Pregúntate si lo que te están pidiendo es algo que tu realmente quieres hacer. Piénsalo detenidamente, no te dejes llevar por el impulso de decir “si”. Observa si TU realmente deseas hacerlo o no, independientemente de los deseos o las expectativas del otro.

Toma tu tiempo antes de responder. No des una respuesta en ese momento, di algo como: “déjame pensarlo y te digo al rato”, o “tengo que ver si no tengo otros compromisos, pero te confirmo mañana”. Esto te va a ayudar mucho a observar con calma si lo que te están pidiendo es algo que tú quieres hacer o no.

Pregúntate si tienes el tiempo para hacerlo.

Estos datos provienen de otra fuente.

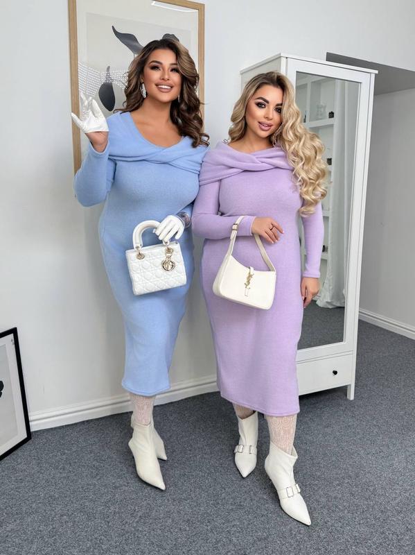 ✅Хит продаж🇺🇦 📣В наличии Сукня ▪Модель: 0320 ▪Размеры: 50-52, 54-56, 58-60, 62-64 ▪Тканина: Ангора ▪Цвета: морская волна, розовый, голубой, серый, лаванда Модель имеет облегающий силуэт длиной миди, подчеркивая фигуру. Верх украшен оригинальным воротником-хомутом, который мягко драпируется и придает образу женственность и уют. Рукава длинные, без манжет. Элегантный, но комфортный повседневный образ в стиле casual chic.
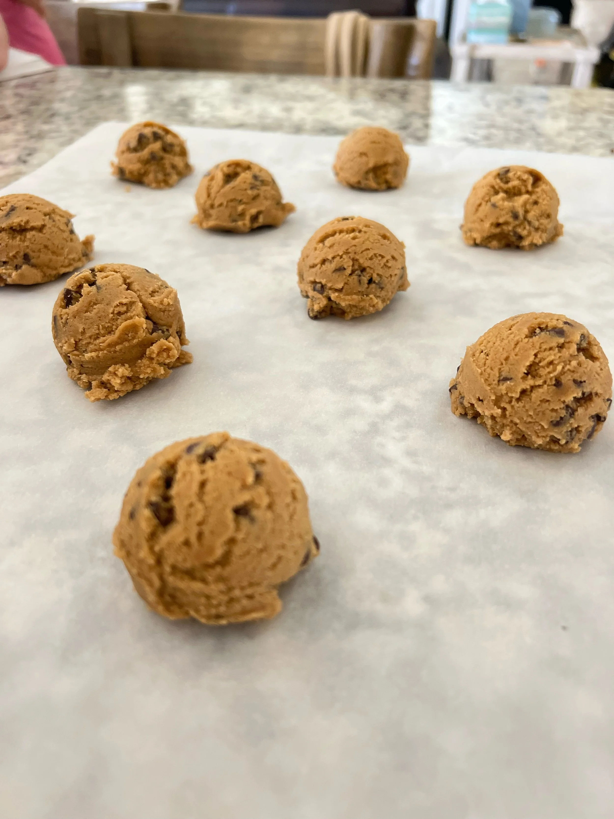 8. Scoop out 2 tablespoons of dough on a parchment-lined baking sheet and bake for 10 minutes at 350.
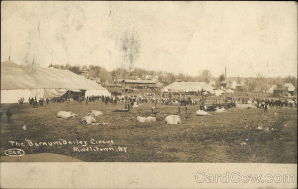 Front: The Barnum Bailey Circus CAK Middletown, NY 0 Back: Ou MAY 4 19 Lafagria 905! WV L 140 awe, WAD 1. H.V. Webster, Ossing, N. 4 ||!!!!
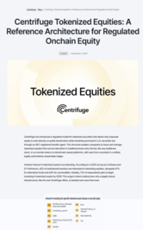[5] Centrifuge. (2025, December 5). Centrifuge tokenized equities: A reference architecture for regulated onchain equity. Centrifuge. https://centrifuge.io/blog/centrifuge-tokenized-equities
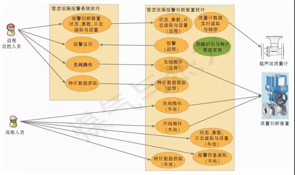 本系統(tǒng)選擇日本愛知AS超聲波流量計(jì),為速度式流量計(jì)。其使用壓力小于等于1.0 MPa,防爆防護(hù)等級(jí)為EX ib IIB T4 Gb IP65,數(shù)據(jù)通信協(xié)議為RS485 MODBUS/RTU,精度等級(jí)為1.0級(jí)。超聲波流量計(jì)相較于其他類型流量計(jì)(如渦輪流量計(jì)),由于無轉(zhuǎn)動(dòng)組件,不受慣性影響,對(duì)瞬時(shí)流量變化的靈敏度更高,且流量范圍較廣,始動(dòng)流量較小,例如DN 50 mm口徑的超聲波流量計(jì)始動(dòng)流量為0.37 m3/h,DN 100 mm口徑的超聲波流量計(jì)始動(dòng)流量為1.25 m3/h。對(duì)小流量感知更靈敏,用于管網(wǎng)瞬時(shí)流量的監(jiān)測與捕捉,比較適合[5]。本系統(tǒng)選擇的遠(yuǎn)傳裝置為山東思達(dá)特ST2000模塊,其負(fù)責(zé)太陽能電池系統(tǒng)供電管理和與燃?xì)夤镜谋O(jiān)測平臺(tái)系統(tǒng)遠(yuǎn)程通信。遠(yuǎn)傳裝置采用RS485直讀方式從數(shù)據(jù)采集分析裝置獲取數(shù)據(jù),通過GPRS/CDMA無線通信進(jìn)行遠(yuǎn)傳,發(fā)送流量數(shù)據(jù)與報(bào)警信息,接收監(jiān)測平臺(tái)系統(tǒng)的指令,并下達(dá)到數(shù)據(jù)采集分析裝置。數(shù)據(jù)采集分析裝置與流量計(jì)、遠(yuǎn)傳裝置、太陽能電池系統(tǒng)等連接。超聲波流量計(jì)自帶電池可單獨(dú)運(yùn)行。整套供電系統(tǒng)可以正常運(yùn)行6 a以上。 為實(shí)現(xiàn)流量監(jiān)測、泄漏識(shí)別、報(bào)警遠(yuǎn)傳、遠(yuǎn)程切斷等功能,系統(tǒng)軟件主要由本地管道泄漏報(bào)警切斷裝置軟件和遠(yuǎn)端管道泄漏報(bào)警系統(tǒng)軟件兩部分組成。系統(tǒng)用例圖(軟件開發(fā)用于系統(tǒng)業(yè)務(wù)功能需求分析、系統(tǒng)建模的示意圖)見圖3,參與者包括:管道泄漏報(bào)警切斷裝置軟件、超聲波流量計(jì)、流量切斷裝置、管道泄漏報(bào)警系統(tǒng)軟件、遠(yuǎn)程監(jiān)控人員、現(xiàn)場人員。其中,管道泄漏報(bào)警系統(tǒng)可以是其他的SCADA平臺(tái)系統(tǒng),這里只是為完成遠(yuǎn)程泄漏監(jiān)測、報(bào)警、遠(yuǎn)程切斷、參數(shù)設(shè)置等功能,所列舉的功能模塊。本文主要探討本地管道泄漏報(bào)警切斷裝置軟件的設(shè)計(jì),即數(shù)據(jù)采集分析裝置主板的內(nèi)置程序,配合遠(yuǎn)傳裝置實(shí)現(xiàn)相關(guān)功能。由圖3可知,管道泄漏報(bào)警切斷裝置軟件設(shè)計(jì)包括泄漏識(shí)別與特征數(shù)據(jù)更新,流量計(jì)數(shù)據(jù)實(shí)時(shí)讀取與儲(chǔ)存,狀態(tài)、參數(shù)、日志讀取與設(shè)置(遠(yuǎn)程發(fā)送與本地操作),報(bào)警(遠(yuǎn)程發(fā)送),關(guān)閥操作(遠(yuǎn)程操作),特征數(shù)據(jù)獲?。ㄟh(yuǎn)程發(fā)送與本地操作),報(bào)警信息讀?。ū镜夭僮鳎?,開關(guān)閥操作(本地操作)等程序功能組成。遠(yuǎn)程監(jiān)控人員通過SCADA系統(tǒng)進(jìn)行遠(yuǎn)程交互操作?,F(xiàn)場人員通過數(shù)據(jù)采集分析裝置按鍵、顯示屏、SD卡進(jìn)行本地交互操作[6]。
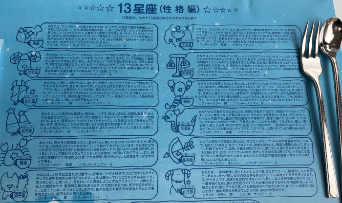 テーブルに敷かれたブルーのマットには、13星座占いがびっしり。自分の運勢をチェックしながらパフェを待つのが、ミルキーウェイ流の楽しみ方です。
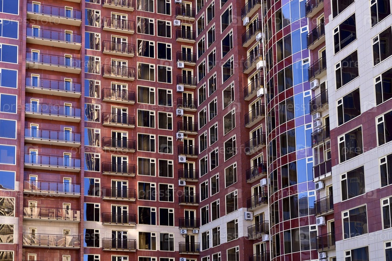 Фасад современного жилого дома в Москве, Россия
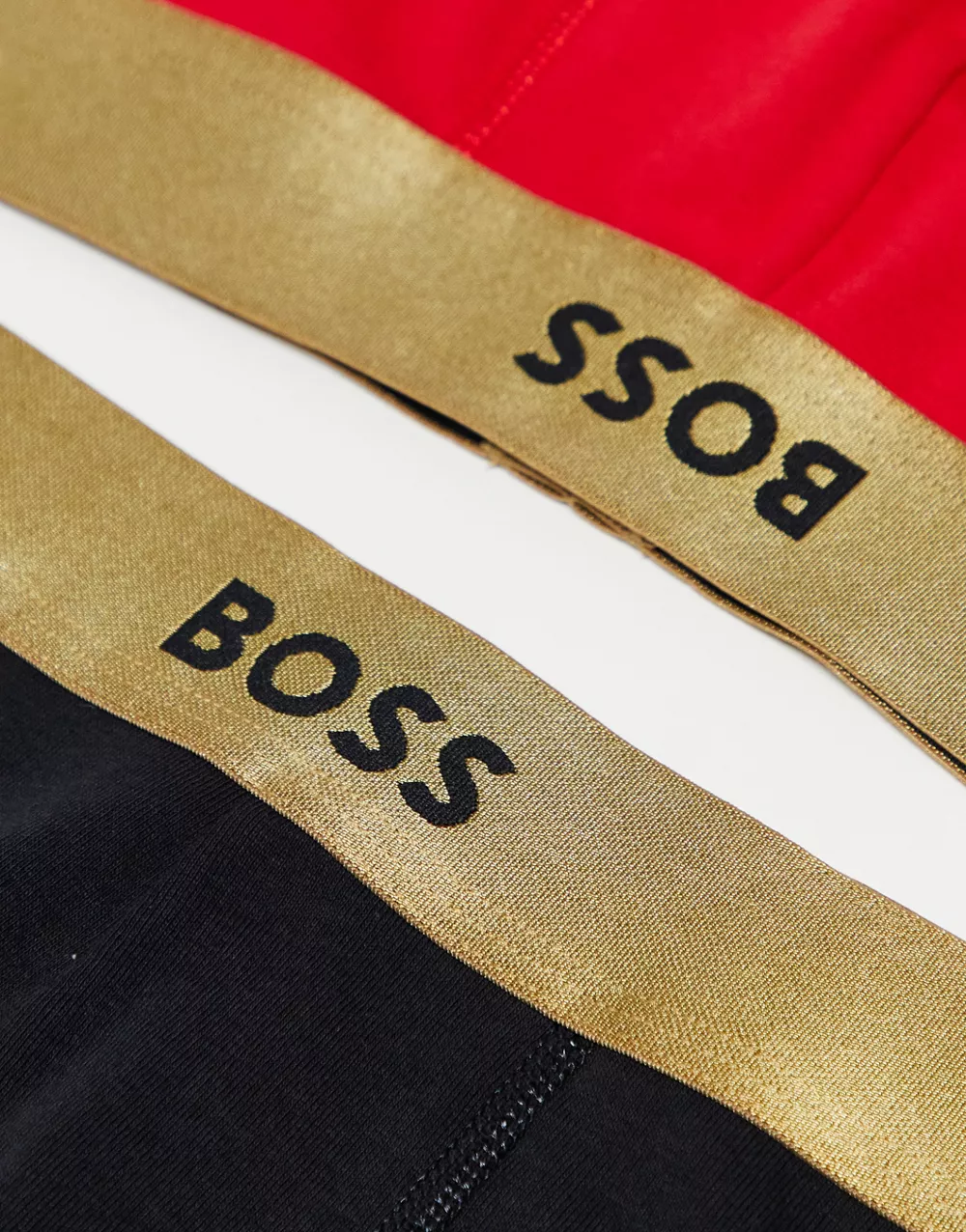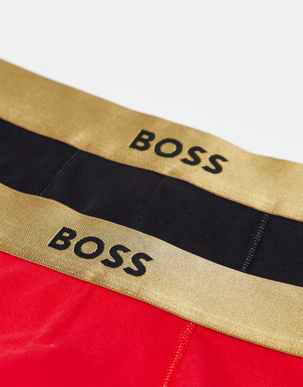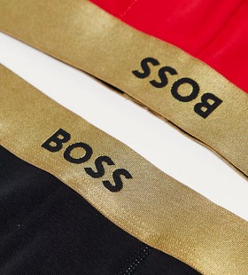 - BOSS Bodywear 2 pack trunks in red and black with gold waistband

Muchas veces no es que no queramos complacer al otro, simplemente no tenemos el tiempo. Evalúa tus prioridades y si decides que puedes dedicar algo de tu tiempo al otro sin afectar tus proyectos, adelante. De lo contrario, es mejor decir “no”.

Puedes buscar un punto medio. Tal vez no quieras hacer exactamente lo que te piden pero si estás dispuesto a buscar un acuerdo en el que ambas partes ceden un poco. Di “no”, pero propón otra alternativa. Puedes decir algo como: “Mira, hoy no puedo ayudarte con eso pero si no te es muy urgente, mañana sí tendría una hora para ayudarte”.

Si vas a decir “no”, sé honesto y amable. Lo mejor es decirle al otro que no podemos porque tenemos otros pendientes, sin tener que entrar en detalles, y decírselo de la manera más amable y con seguridad, que al decir “no”, no te sientas mal de decirlo. Se trata de que puedas decir “no” con la seguridad de que es tu decisión y de que tienes todo el derecho de negarte. Recuerda que es señal de buena autoestima.